# TASK DETAILS
A faithful, word-for-word copy of the data below is required, without pictures.

[DATA PROVIDED Boundary: Start]

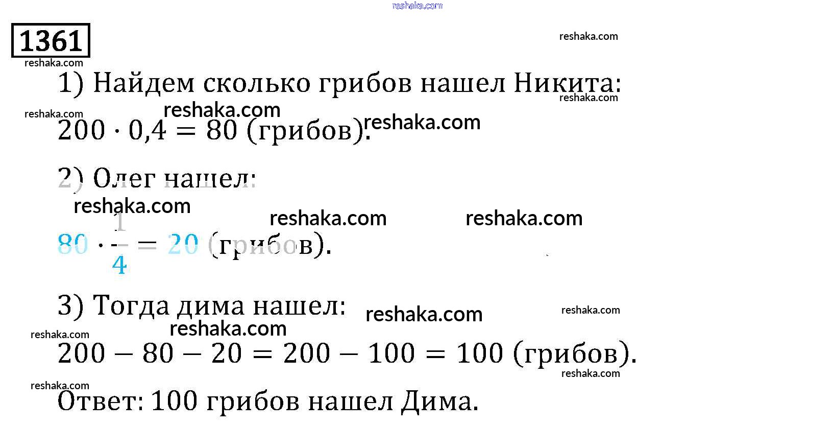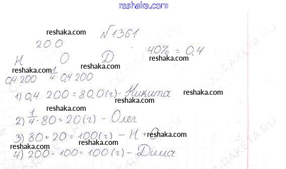 Решака - онлайн ответы Математика Виленкин, Жохов за 6 класс Учебник ФГОС 2014 - 1361
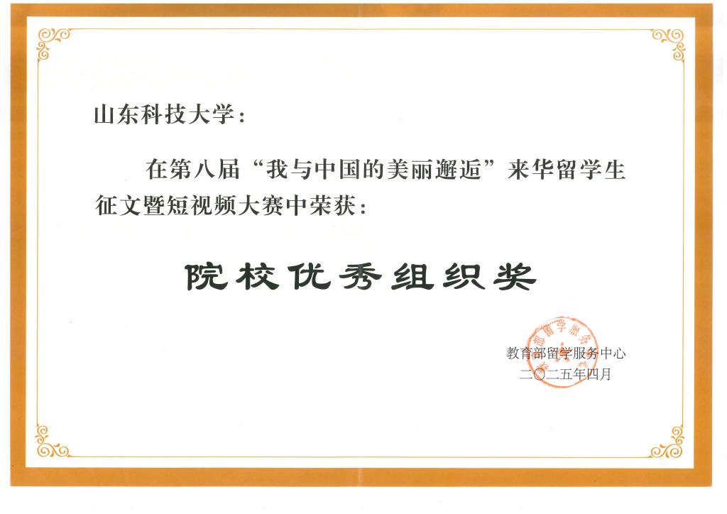 近日,由教育部国际合作与交流司指导、教育部留学服务中心主办的2025年“我与中国的美丽邂逅”来华留学生征文暨短视频大赛结果公布。我校萨尔瓦多籍学生缇娜(GIRON BARAHONA BRENDA TATIANA)的作品《邂逅中国,遇见美好》和塔吉克斯坦籍学生吴芃(AVAZOV NASIMJON)的作品《我眼中的中国》获短视频组特色奖,国际交流学院于滢源获“优秀指导教师”奖,山东科技大学获“优秀组织奖”。
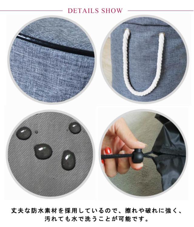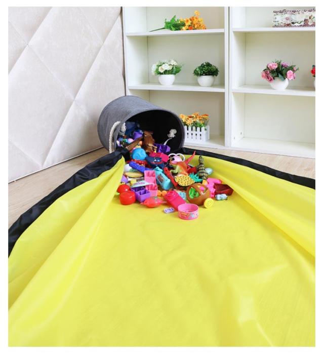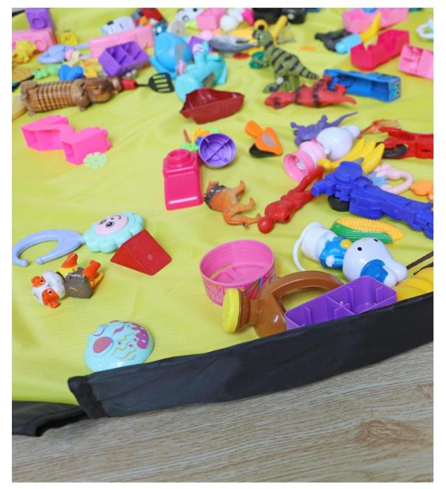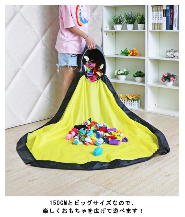 | 2WAYの収納バスケット。 おもちゃが散らばらないように遊べる! プレイマット仕様にもなる! おもちゃの紛失を防ぎ片付け簡単。 150cmとビッグサイズなので、楽しくおもちゃを広げて遊べます! 丈夫な防水素材を採用しているので、擦れや破れに強く、汚れても水で洗うことが可能です。 | |
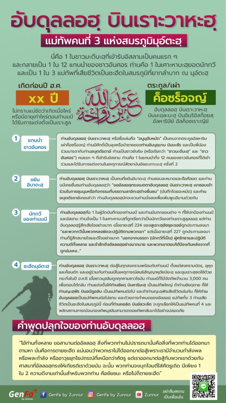 :: อับดุลลอฮฺ บินเราะวาหะฮฺ : แม่ทัพคนที่ 3 แห่งสมรภูมิ…

[DATA PROVIDED Boundary: End]

# ANSWER SECTION
 Решака - онлайн ответы Математика Виленкин, Жохов за 6 класс Учебник ФГОС 2014 - 1361
 近日,由教育部国际合作与交流司指导、教育部留学服务中心主办的2025年“我与中国的美丽邂逅”来华留学生征文暨短视频大赛结果公布。我校萨尔瓦多籍学生缇娜(GIRON BARAHONA BRENDA TATIANA)的作品《邂逅中国,遇见美好》和塔吉克斯坦籍学生吴芃(AVAZOV NASIMJON)的作品《我眼中的中国》获短视频组特色奖,国际交流学院于滢源获“优秀指导教师”奖,山东科技大学获“优秀组织奖”。
 | 2WAYの収納バスケット。 おもちゃが散らばらないように遊べる! プレイマット仕様にもなる! おもちゃの紛失を防ぎ片付け簡単。 150cmとビッグサイズなので、楽しくおもちゃを広げて遊べます! 丈夫な防水素材を採用しているので、擦れや破れに強く、汚れても水で洗うことが可能です。 | |
 :: อับดุลลอฮฺ บินเราะวาหะฮฺ : แม่ทัพคนที่ 3 แห่งสมรภูมิ…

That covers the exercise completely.